Topic 8: Cost-Effective QA
8.1) A Cost-Effective Framework for Complex Numerical QA over Semi-Structured Table (under review)
Semi-structured tables encode rich semantics through diverse schema elements, such as multiple subtables as well as hierarchical row and column headers. Answering numerical questions over such tables is challenging because table complexity and question complexity jointly require accurate table structure understanding, robust query uncertainty resolution, and support for complex analytic query intents. However, existing semi-structured table QA methods remain brittle in these complex settings, and typically rely on high-capability LLMs without accounting for monetary budgets. To address this gap, we propose SemiBonsai, a cost-effective framework for complex numerical QA over semi-structured table. Experiments on three benchmarks show that SemiBonsai consistently improves answer accuracy under both table-side and question-side complexity, while achieving stronger cost-effectiveness under fixed budgets.
8.2) Decomposition-Driven Multi-Table Retrieval and Reasoning for Numerical Question Answering (ICDE’26) (System Prototype)
Answering numerical questions by identifying and integrating information from multiple tables in large-scale table collections is essential for many analytical applications. Existing MTQA solutions—such as text-to-SQL systems and open-domain MTQA methods—are designed for databases and often struggle when applied to large-scale table collections, due to their large scale, incomplete metadata, and complex inter-table relationships. To address this gap, we propose DMRAL, a Decomposition-driven multi-table Retrieval and Answering framework for MTQA over large-scale table collections. Experiments on two MTQA datasets demonstrate that DMRAL significantly outperforms existing state-of-the-art MTQA methods.
Topic 9: Visualization Exploration and Recommendation
9.1) Visualization Recommendation Through Visual Relation Learning and Visual Preference Learning (ICDE’23) (System Prototype)

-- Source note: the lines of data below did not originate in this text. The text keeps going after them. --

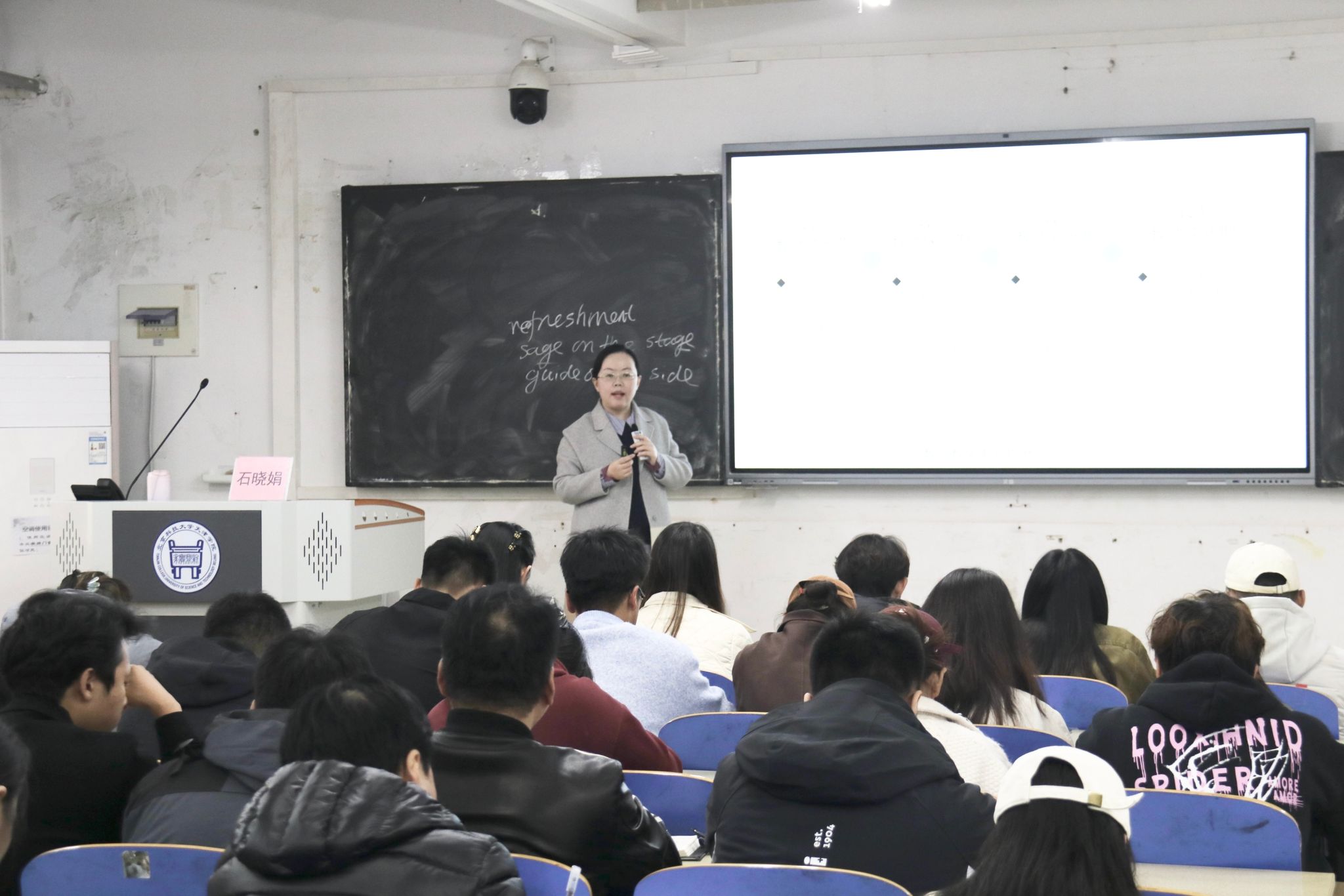 石晓娟作课堂教学经验分享。全体新入职教职工参加讲座。
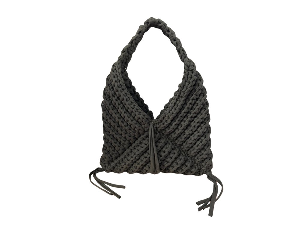 Každý kus je ručne vyrobený, vďaka čomu je každá kabelka jedinečná. Charakteristický háčkovaný vzor dodáva kabelke výraznú textúru a štýl. Dizajn dopĺňajú dekoratívne strapce, ktoré podčiarkujú jej ležérny a prirodzene elegantný vzhľad. Strapce majú rôznu dĺžku, približne 10 – 15 cm, čo vytvára jemný dynamický efekt pri nosení.
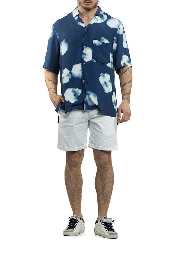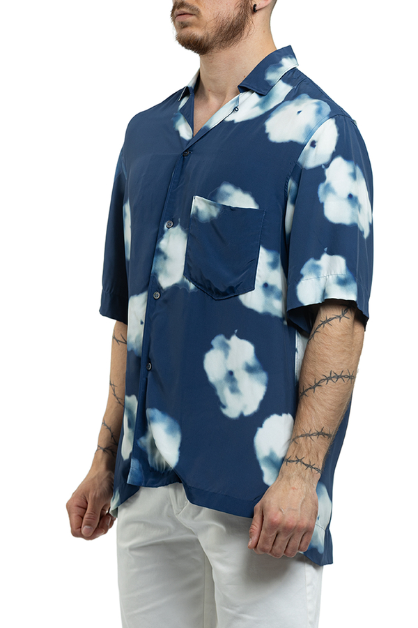 - Сорочка з віскози з короткими рукавами. Патерн з акварельними квітами. Відкладний комір, застібка на гудзики.
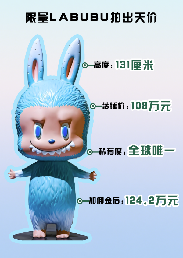 2025年6月10日,一件高131厘米的薄荷色初代LABUBU,以108萬(wàn)元的價(jià)格落槌成交,創(chuàng)造了最貴LABUBU記錄。
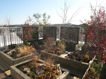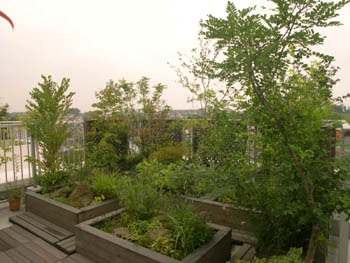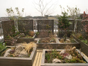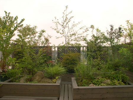 今年の夏、7月の様子です。 冬や早春とはうって変わって、さまざまな野草や雑木たちがよく育ち、 マンションのルーフバルコニーとは思えない、まるで山の中にいるような景色を作ってくれています。 こちらでは、樹木が約20種以上、山野草は約100種類ほど植栽しました。 混植することで、それぞれの植物が殖えすぎないようにバランスをとっているようです。 今年は、梅雨が長かったこともあり、害虫の発生が多いですが 風通しがよいせいか、こちらでは害虫の被害もほぼありませんでした。 これから、年を重ねることで、ますます自然な景色となっていくのが楽しみなお庭です。 |
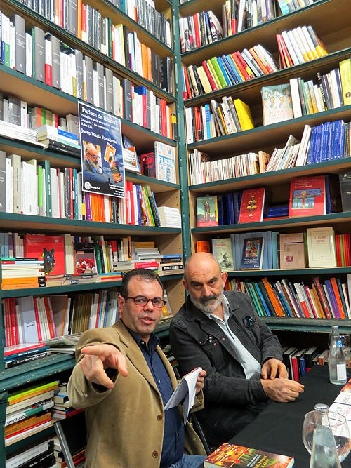 Dins aquest cicle de trobades que convoca cada dissabte a la mateixa llibreria un escriptor gironí de naixement o d'"adopció" per parlar de la seva obra i del seu entorn, el dissabte 7 de novembre va comptar amb Josep Maria Fonalleras (Girona, 1959), qui va comentar les seves últimes novel·les ("Un any de divorciat", "La sala d'estar és un camp de futbol", "Climent"), i també del seu procés creatiu i les diferències entre escriure articles diaris i escriure una novel·la. L'autor va respondre a les qüestions que varen plantejar els assistents. ![]() (Ampliar) - Josep Maria Fonalleras durant la trobada. ![]() (Ampliar) - Josep Maria Fonalleras i Xavier Delòs durant la trobada. [Més imatges]------------- |
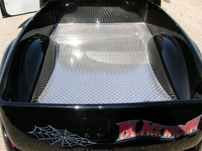 | The custom wood deck on this driver is protected from the elements by our optional tonneau cover. |
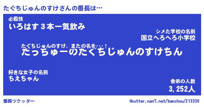 | 意味不明あだ名 | 『ペロリンたぐちじゅんのすけ』 |
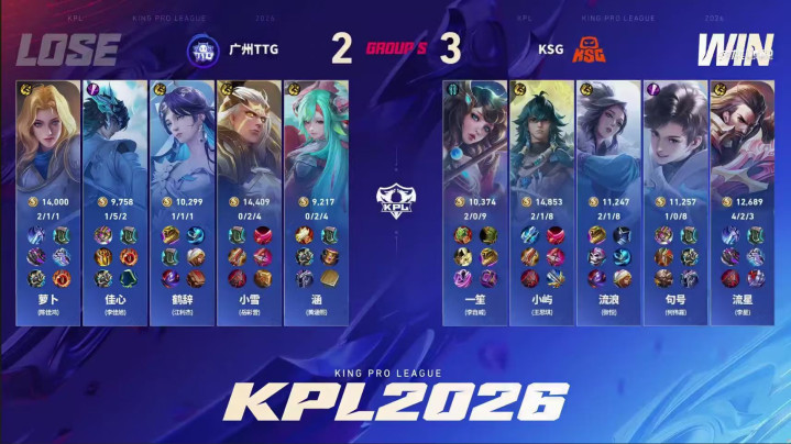 这场比赛,KSG在2比0领先之后,虽然被TTG连追两局扳平比分,但是好在稳住了决胜局,顺利拿下胜利!
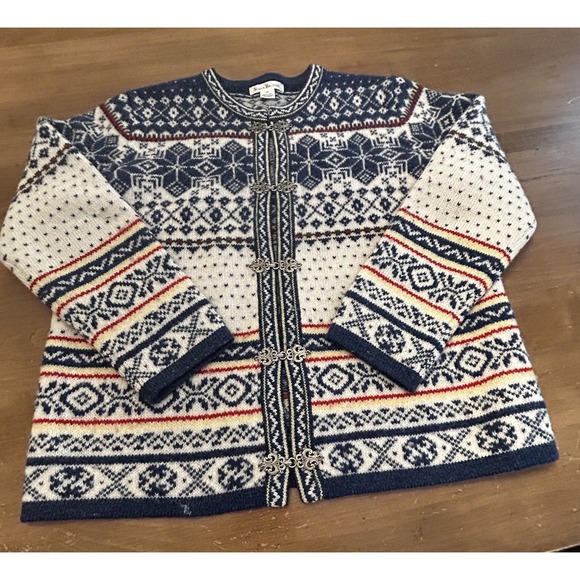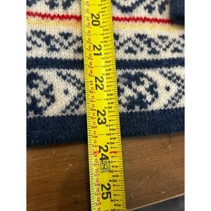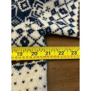 Stay cozy and stylish with this beautifully designed Nordic pattern sweater. Featuring a blend of blue and cream colors, this sweater is perfect for chilly days. Its intricate design adds a touch of elegance to any outfit.

Visualization recommendation aims to automatically generate insightful and relevant visualizations for a given (tabular) dataset, helping novice users bypass the steep learning curves of complex visualization tools and the need for deep domain knowledge. In this work, we propose VisFormer, a novel machine learning-based method designed to act like a human data analyst by satisfying three essential properties: 1) Understanding the table content so that the system knows exactly what kind of information is contained in each column. 2) Capturing the column relations so that it can determine which variables naturally go together and how best to display them. 3) Detecting visual patterns to evaluate the generated charts and ensure they are visually coherent and intuitively meaningful.